Thursday, February 18, 2010

The Last word Congress wants to hear is "Voluntary".

The reason Rep. Paul Ryan is all wrong on saving the country from insolvency, say Democrats, is health care for old people. The Janesville Republican wants to replace Medicare, they say, by merely handing out money.

It's the "privatization" of Medicare, said Rep. Ron Kind (D-Wis.), dismissively. While it sounds generous to give retirees $11,000 to shop from federally approved lists of insurance plans, as congressmen do, "the value of these vouchers would almost surely lag ever further behind," wrote press wingman Paul Krugman of The New York Times, ignoring the reality that such market competition restrains prices.

What's their plan? Remember, Ryan proposed this only for those now under 55. Anyone older gets the old deal: Uncle Sam telling you not to worry, that Medicare will take care of everything. Presumably, Democrats would prefer we all rely on such promises.

Forget for a moment that Medicare's own trustees reported last spring the system would be insolvent in 2017. Forget that this means the real choice is: You want an $11,000 voucher, or do you want crumbs?

Suppose instead that you think Washington somehow will resuscitate Medicare's finances. Then the question is what makes you feel safer: The feds say they'll give retirees a certain sum to spend as they will, or the feds promise to figure out what you need and handle it. Medicare's already promised $38,000,000,000,000 in benefits, so there might be a line.

I'll take the money, thanks. Fewer strings, fewer asterisks.

Medicare is the most unison part of Ryan's "roadmap," a rethinking of how the federal government can avoid welshing on obligations without indenturing your grandkids. Ryan sketches out changes to Social Security and taxes, too. Left or right, one might debate whether the ideas would work, though congressional accountants say they will.
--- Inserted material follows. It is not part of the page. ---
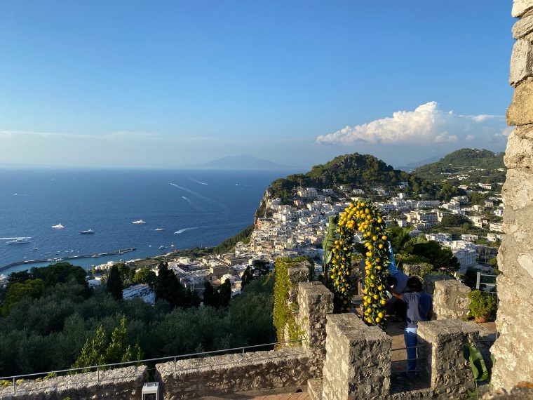 Quando si arriva a Capri già dal mare si resta incantati dalla bellezza del paesino di case bianche arroccate sulla scogliera, i colori della roccia in contrasto con la vegetazione rigogliosa. Sulla cima maestosa che domina il comune non passa inosservata una robusta fortezza da cui sembra possibile toccare il cielo. Si tratta di Villa Castiglione che, sui resti di un tempio greco e di una villa romana, poi castello difensivo dell'isola, è diventato un hotel di lusso e location di eventi esclusivi con vista su uno dei panorami più incredibili del Mediterraneo.

Yet the Democratic establishment has torn into Ryan savagely, declaring his ideas unspeakable even as he preserves their ideals that taxpayers should support retirees and that tax rates should rise as income does.

He proposes that younger workers be allowed the option of diverting a third of their Social Security taxes into accounts managed by the feds. This would be voluntary and would leave two-thirds of one's taxes going into a system that provides young workers with a 0% rate of return.

Congressional Democrats lined up to say this was the "dismantling" of Social Security.

Similarly, Ryan proposes to allow taxpayers the option of paying by a flatter scale, with lower rates but fewer loopholes. This has come under attack as letting rich people get away with something.

Why such vehemence? Well, Ryan is unusually bright, and his plans show promise. It is to Democrats' political advantage to squelch them.

But the real problem for those on the dominant left of the Democratic Party is what you'd think makes Ryan's plans palatable: That they're voluntary. If you think Social Security's a good deal, you'd be able to stay in it, but for "progressives," this choice should never come up. For a century, progressive thought has sought to replace individual choice with collective decision-making.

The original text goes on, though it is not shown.